WORK TO BE COMPLETED:
Transcribe exactly, please, the lines from the one containing "Asistentes a TEDxGranViaSalon" through the end of the records below, and leave out the pictures.

RECORDED INFORMATION:
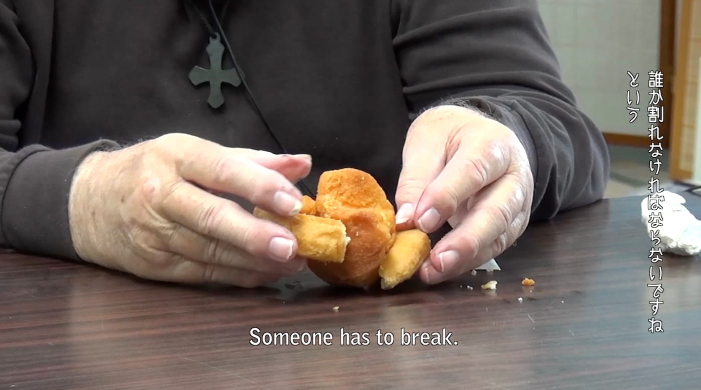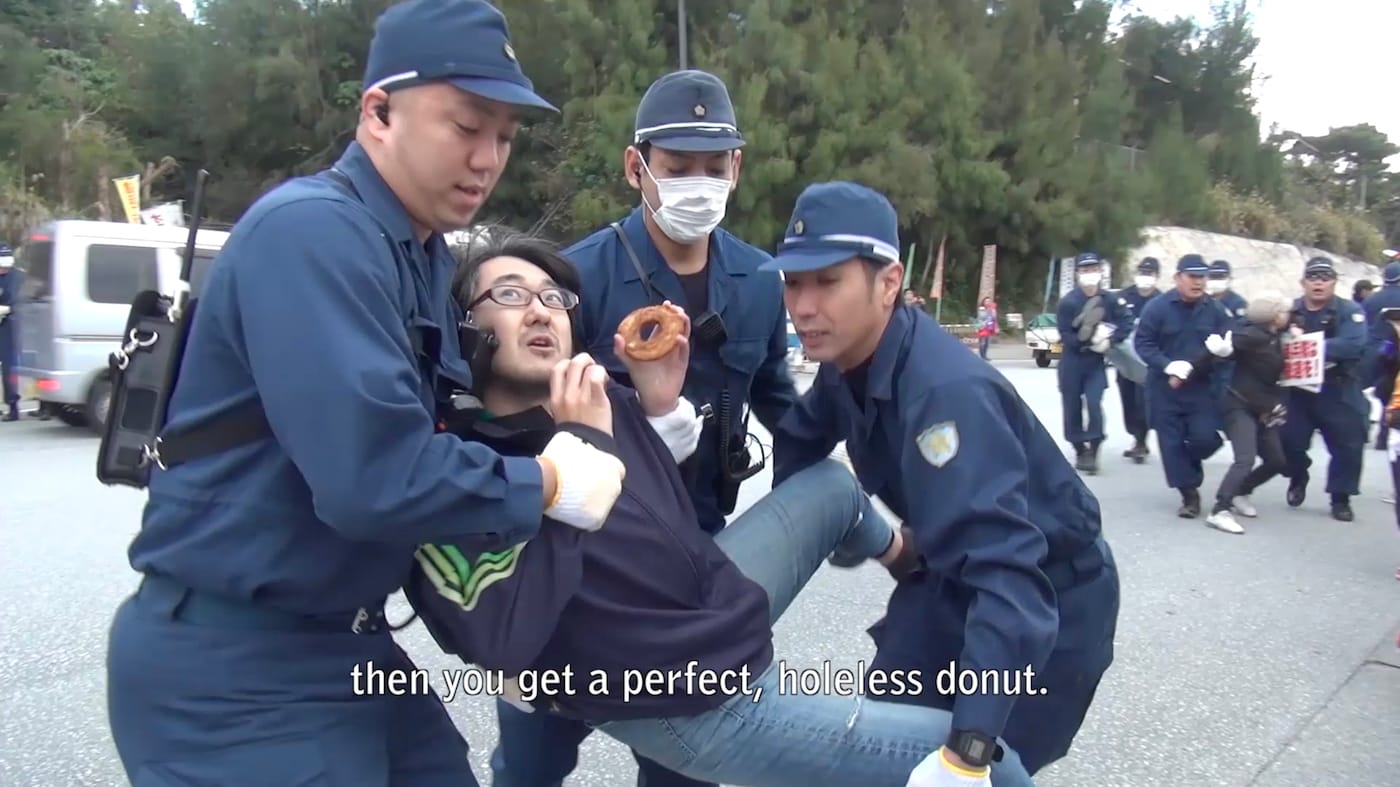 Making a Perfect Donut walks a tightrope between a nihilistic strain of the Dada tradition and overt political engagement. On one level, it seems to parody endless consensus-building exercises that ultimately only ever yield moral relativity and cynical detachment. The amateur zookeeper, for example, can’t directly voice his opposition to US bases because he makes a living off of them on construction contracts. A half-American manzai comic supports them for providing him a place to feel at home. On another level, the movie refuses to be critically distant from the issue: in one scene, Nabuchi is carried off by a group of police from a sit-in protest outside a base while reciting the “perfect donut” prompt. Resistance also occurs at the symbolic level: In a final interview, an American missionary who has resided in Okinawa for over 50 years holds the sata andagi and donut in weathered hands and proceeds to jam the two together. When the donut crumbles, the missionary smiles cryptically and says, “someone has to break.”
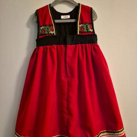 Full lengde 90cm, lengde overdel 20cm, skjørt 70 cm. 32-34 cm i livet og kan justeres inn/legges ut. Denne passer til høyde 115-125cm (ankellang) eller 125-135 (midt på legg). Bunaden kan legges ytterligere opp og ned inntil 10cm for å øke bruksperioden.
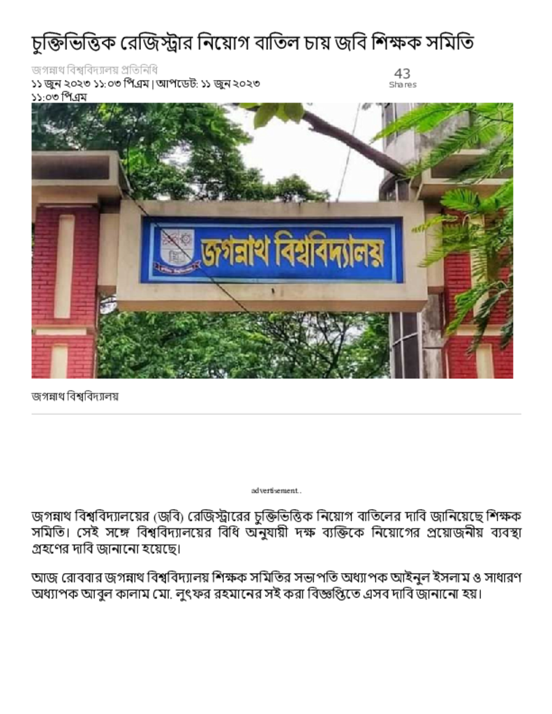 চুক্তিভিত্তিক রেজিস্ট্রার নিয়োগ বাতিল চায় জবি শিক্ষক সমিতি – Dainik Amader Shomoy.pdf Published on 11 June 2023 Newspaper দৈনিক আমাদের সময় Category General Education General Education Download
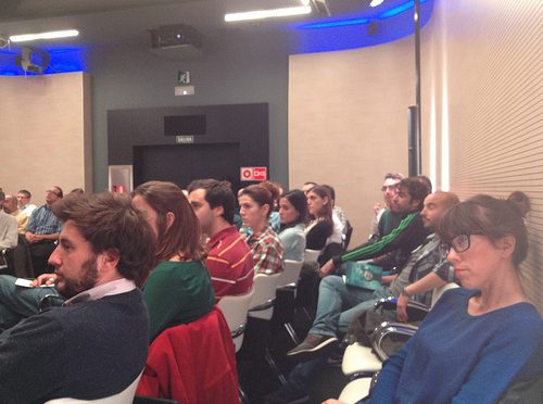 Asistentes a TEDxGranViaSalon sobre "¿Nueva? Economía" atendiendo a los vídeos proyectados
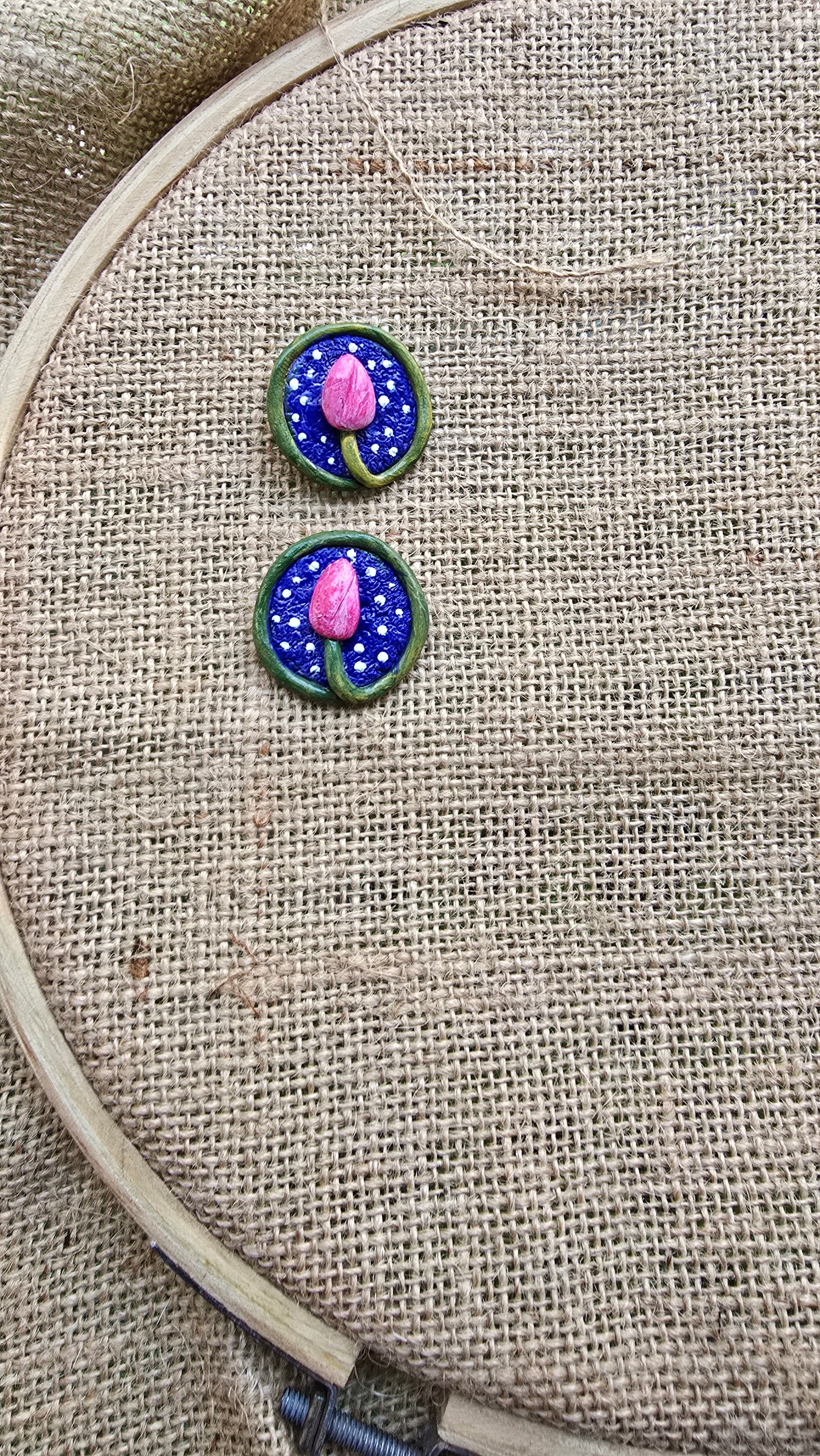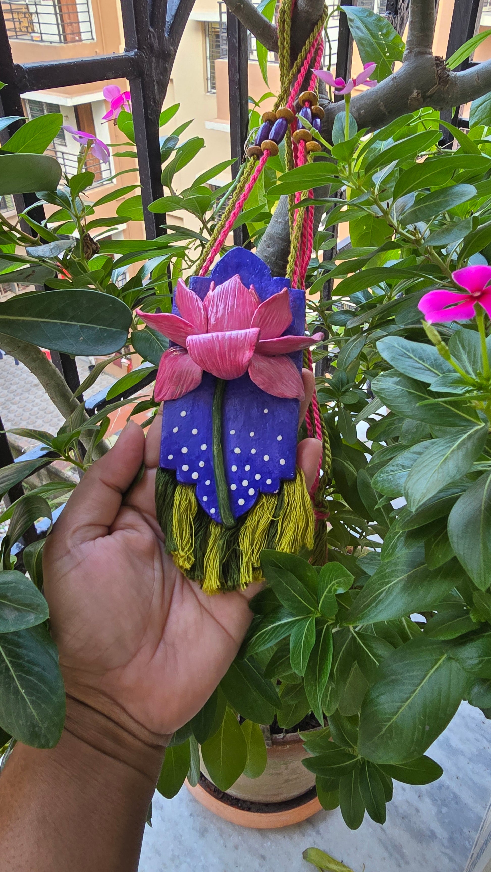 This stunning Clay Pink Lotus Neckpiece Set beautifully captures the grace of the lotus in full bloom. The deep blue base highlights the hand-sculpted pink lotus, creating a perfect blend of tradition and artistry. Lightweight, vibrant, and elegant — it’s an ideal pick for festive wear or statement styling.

THE COMPLETED TASK:
 Asistentes a TEDxGranViaSalon sobre "¿Nueva? Economía" atendiendo a los vídeos proyectados
 This stunning Clay Pink Lotus Neckpiece Set beautifully captures the grace of the lotus in full bloom. The deep blue base highlights the hand-sculpted pink lotus, creating a perfect blend of tradition and artistry. Lightweight, vibrant, and elegant — it’s an ideal pick for festive wear or statement styling.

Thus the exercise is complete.